Data extract
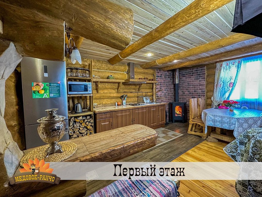 На 1-м этаже: уютная гостиная с камином на дровах, двухместный раскладывающейся диван.
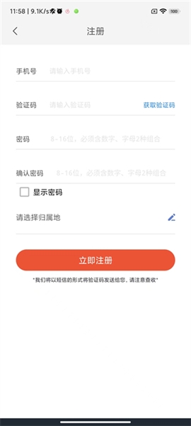 2、在这里填写好自己的个人信息,填写完之后选择归属地即可;
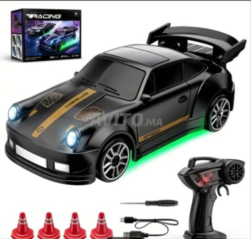 Voiture de course RC à l'échelle 1:64 avec charge USB et lumières LED - Accélération à haute vitesse, contrôle à l'échelle complète, charge Type-C, design de voiture de sport élégant pour le bureau et la chambre, voiture de course à distance, design ludique, corps en plastique durable
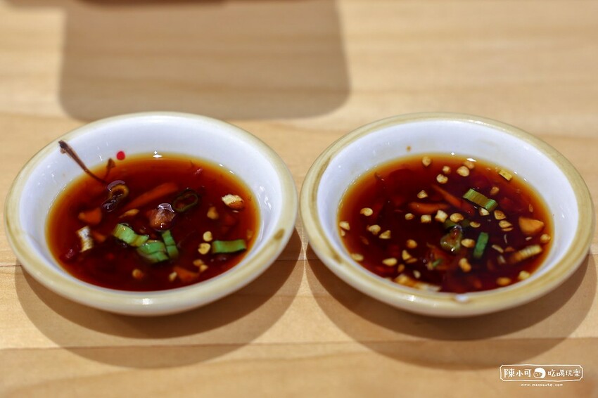 自助區有提供鍋貼沾醬,大桶裝著辣椒醬油還分微辣和大辣,看起來很強呢!

Aim of the exercise
Once the pictures are set aside, repeat the data above exactly.

Response to the task
 На 1-м этаже: уютная гостиная с камином на дровах, двухместный раскладывающейся диван.
 2、在这里填写好自己的个人信息,填写完之后选择归属地即可;
 Voiture de course RC à l'échelle 1:64 avec charge USB et lumières LED - Accélération à haute vitesse, contrôle à l'échelle complète, charge Type-C, design de voiture de sport élégant pour le bureau et la chambre, voiture de course à distance, design ludique, corps en plastique durable
 自助區有提供鍋貼沾醬,大桶裝著辣椒醬油還分微辣和大辣,看起來很強呢!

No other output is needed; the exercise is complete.